- [THE TASK]:
All of the data below should be printed again exactly, pictures excluded.

- [SUPPLIED INFORMATION]:
⁂

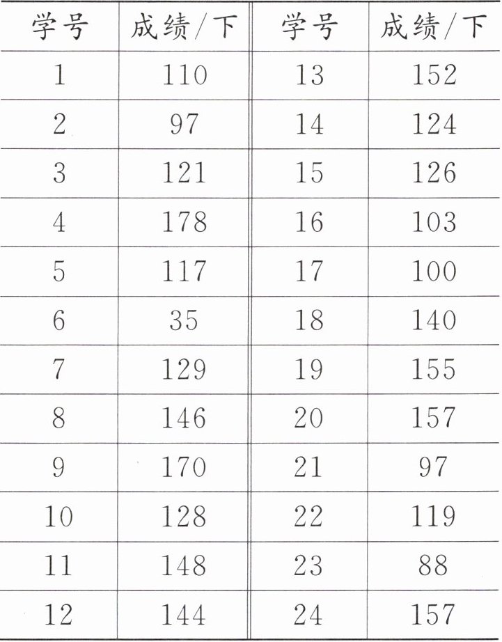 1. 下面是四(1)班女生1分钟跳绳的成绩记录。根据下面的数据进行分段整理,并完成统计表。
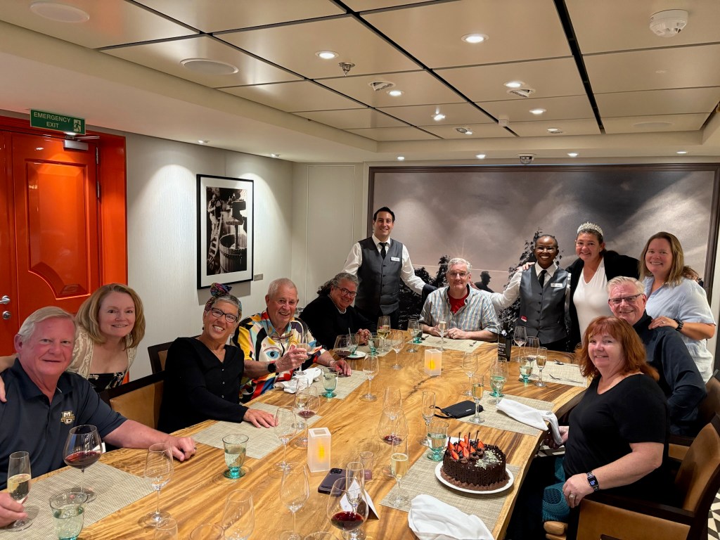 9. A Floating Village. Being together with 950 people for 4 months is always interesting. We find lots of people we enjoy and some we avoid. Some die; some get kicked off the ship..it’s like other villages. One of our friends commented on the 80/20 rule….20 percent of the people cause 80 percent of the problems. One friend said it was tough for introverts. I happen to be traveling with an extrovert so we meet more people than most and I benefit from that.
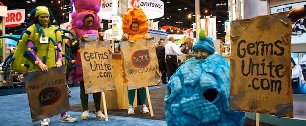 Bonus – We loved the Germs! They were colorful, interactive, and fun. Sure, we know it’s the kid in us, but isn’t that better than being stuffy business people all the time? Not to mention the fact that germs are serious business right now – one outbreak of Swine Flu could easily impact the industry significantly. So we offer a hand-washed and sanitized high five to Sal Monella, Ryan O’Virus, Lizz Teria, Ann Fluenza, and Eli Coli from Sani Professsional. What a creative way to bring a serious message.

⁂

- [ANSWER SECTION]:
 1. 下面是四(1)班女生1分钟跳绳的成绩记录。根据下面的数据进行分段整理,并完成统计表。
 9. A Floating Village. Being together with 950 people for 4 months is always interesting. We find lots of people we enjoy and some we avoid. Some die; some get kicked off the ship..it’s like other villages. One of our friends commented on the 80/20 rule….20 percent of the people cause 80 percent of the problems. One friend said it was tough for introverts. I happen to be traveling with an extrovert so we meet more people than most and I benefit from that.
 Bonus – We loved the Germs! They were colorful, interactive, and fun. Sure, we know it’s the kid in us, but isn’t that better than being stuffy business people all the time? Not to mention the fact that germs are serious business right now – one outbreak of Swine Flu could easily impact the industry significantly. So we offer a hand-washed and sanitized high five to Sal Monella, Ryan O’Virus, Lizz Teria, Ann Fluenza, and Eli Coli from Sani Professsional. What a creative way to bring a serious message.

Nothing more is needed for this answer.